Ich liebe dieses Cover! Für mich ist es eines der schönsten dieses bisherigen Buch-Jahres. In der Verlagsvorschau ist es mir sofort ins Auge gestochen. Der schlichte weiße Hintergrund, der bunte Titel, der zwar bunt ist und damit für mich eine gewisse Lebensfreude verbildlicht, aber eben nicht penetrant ins Auge sticht sowie die schlichte Zeichnung eines Mannes, der an einem Abgrund steht, ergeben für mich ein harmonisches Gesamtbild, das perfekt zum Inhalt passt.

Der Titel “Ziemlich gute Gründe, am Leben zu bleiben” ist ebenso perfekt. Er ist nahe am Originaltitel “Reasons to stay alive”, wirkt aber durch das “ziemlich” noch sympathischer und klingt deshalb nicht nach einem Lebensratgeber. Hier hat der Deutsche Taschenbuch Verlag wirklich großartige Arbeit geleistet.

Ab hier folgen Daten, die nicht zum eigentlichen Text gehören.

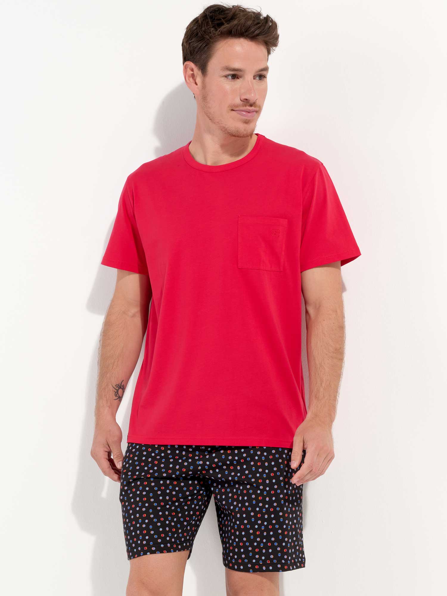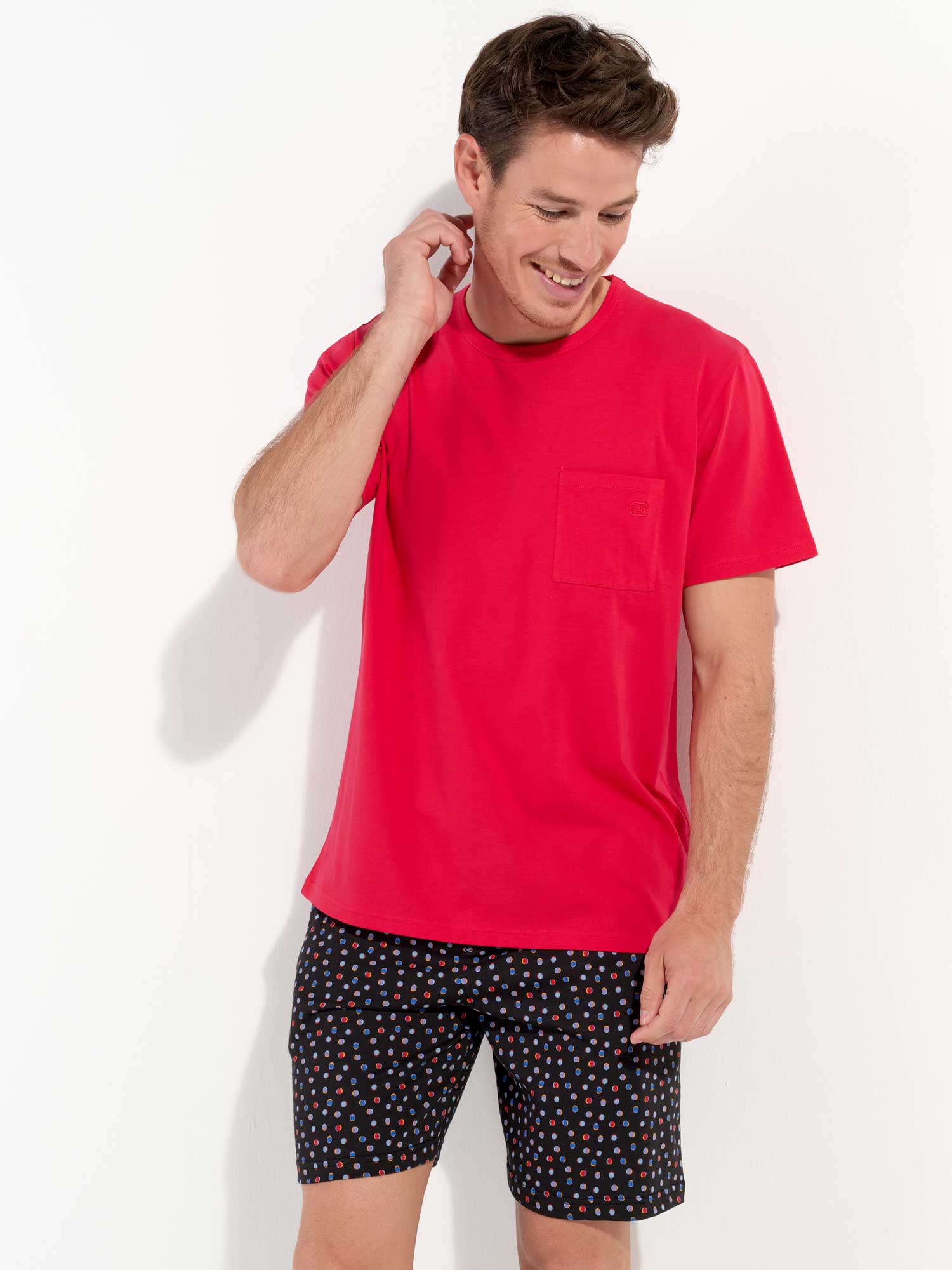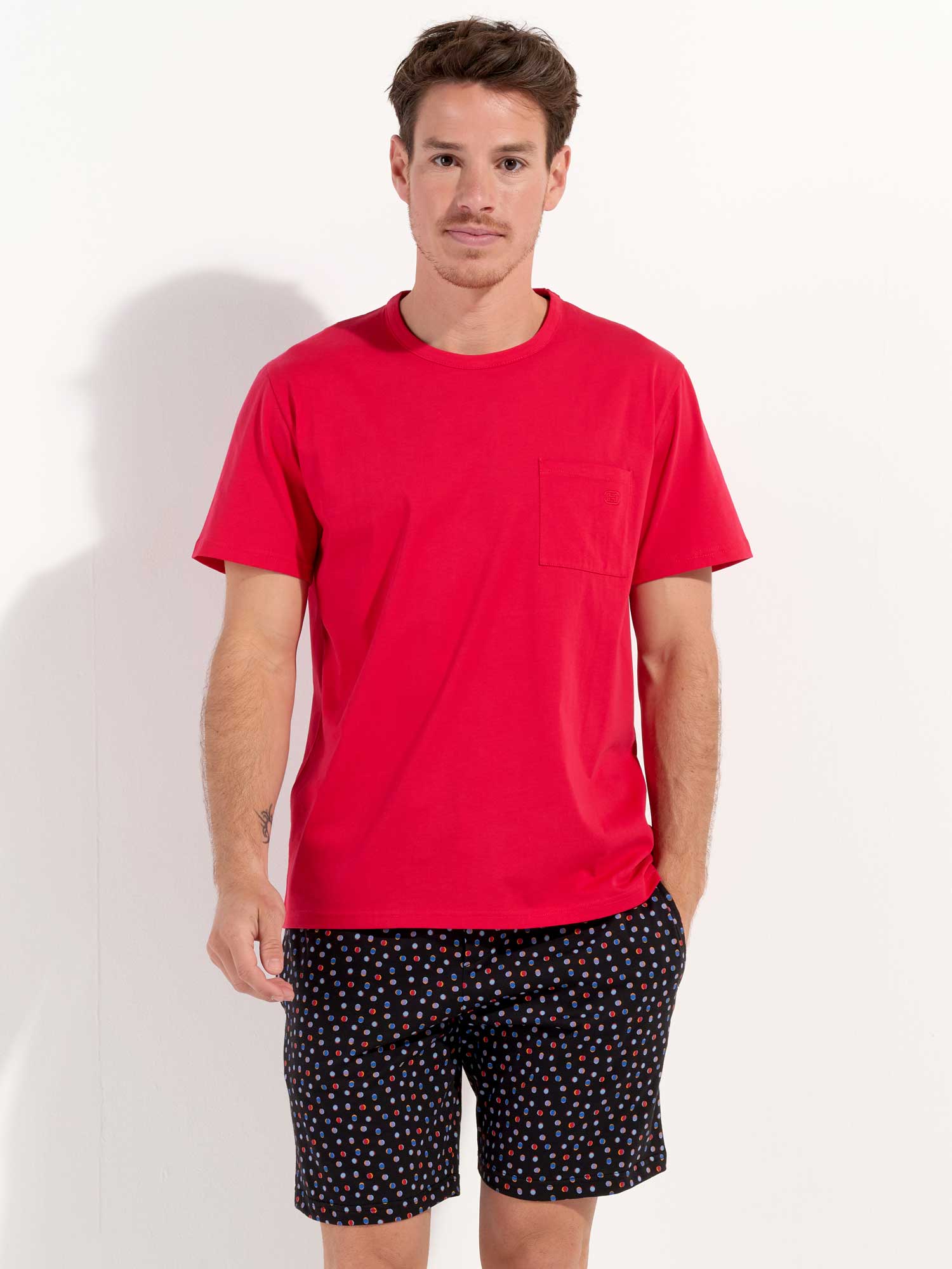Das Charli - Shortama besteht aus 100% Baumwolle in Jersey-Qualität. Das Pyjama-Set enthält ein einfarbiges T-Shirt mit kurzen Ärmeln in Rot. Das Shirt hat einen runden Kragen. Die Shorts sind mit einem verspielten Punktmuster in verschiedenen Farben auf schwarzem Hintergrund gestaltet, das eine klassische Note verleiht. Die Pyjama-Shorts haben Seitentaschen auf der linken und rechten Seite und verfügen über einen Kordelzug im Bund für eine perfekte Passform.

Obwohl ich anfangs unbedingt, unbedingt, unbedingt dieses Buch lesen wollte, habe ich es dann, als ich es besaß, lange, lange liegen lassen. Ich hatte großen Respekt davor mich mit der schwierigen Thematik “Depression” auseinanderzusetzen. Das Besonderes an diesem Buch ist, dass es sowohl Erfahrungsbericht eines Betroffenen als auch Sachbuch mit vielen wissenschaftlichen Inhalten und zu guter Letzt ein Ratgeber ist.

Matt Haig erzählt in “Ziemlich gute Gründe, am Leben zu bleiben” auf sehr authentische Weise wie ihn die Depression quasi hinterrücks überfallen hat, dass er sie zunächst nicht einordnen konnte und wie sehr sie sein zukünftiges Leben bestimmt hat und auch heute noch bestimmt. Da ich selber mit dieser Thematik noch nicht direkt in Berührung kam, konnte ich mir Dank Haigs Schilderungen erstmal in etwa vorstellen, wie es den Betroffenen mit der Krankheit geht. Ich denke, dass depressive Menschen sich vielleicht nicht in allem, aber doch in vielem was Haig widerfahren ist, wiedererkennen. Und was das Wichtigste ist: Matt Haig hat gelernt mit dieser Krankheit zu leben. Er hat erkannt, dass das Leben trotz aller Einschränkungen lebenswert ist und nennt in diesem Buch deshalb immer und immer wieder ziemlich gute Gründe, am Leben zu bleiben.

Die teilweisen drastischen Szenen, in denen er sich mit Selbstmordgedanken plagt, werden durch einen humorvollen Grundtenor und interessanten Aufzählungen und die Nennung von wissenschaftlichen Fakten aufgelockert. Matt Haig gelingt die Balance zwischen bedrückenden Fakten und aufmunterenden und humorvollen Passagen.

Aber es geht in diesem Buch nicht ausschließlich um Depressionen, wie sie sich bemerkbar macht und wie man sie aushält, wie man Mut schöpft am Leben zu bleiben, sondern auch um uns Menschen im Allgemeinen. Haig äußert viele kluge Gedanken über die Welt und den Einfluss der äußeren Umständen auf das persönliche Glück. Diese Passagen waren für mich wie kleine erhellende Schätze.

Das Einzige, was mich etwas gestört hat, waren die sehr kurzen Kapitel und die überwiegend kurzen Sätze. So kam bei mir kein richtiger Lesefluss auf. Aber vielleicht muss das bei einem Sachbuch auch gar nicht sein.

Mein Fazit:

 
“Ziemlich gute Gründe am Leben zu bleiben” ist nicht nur eine Hymne an das Leben, sondern vor allem ein Buch, das aufklärt. Es richtet sich nicht nur an Betroffene, die sich vermutlich in vielen Erfahrungen des Autors wiederfinden und hoffentlich auch Mut schöpfen, sondern hilft auch nicht unmittelbar Betroffenen diese Krankheit – die nach außen hin so unsichtbar ist – besser zu begreifen und feinfühliger mit Betroffenen umzugehen. Dies allein sind ziemlich gute Gründe, dieses Buch zu lesen.
 
 Vielen Dank an dtv für dieses Rezensionsexemplar.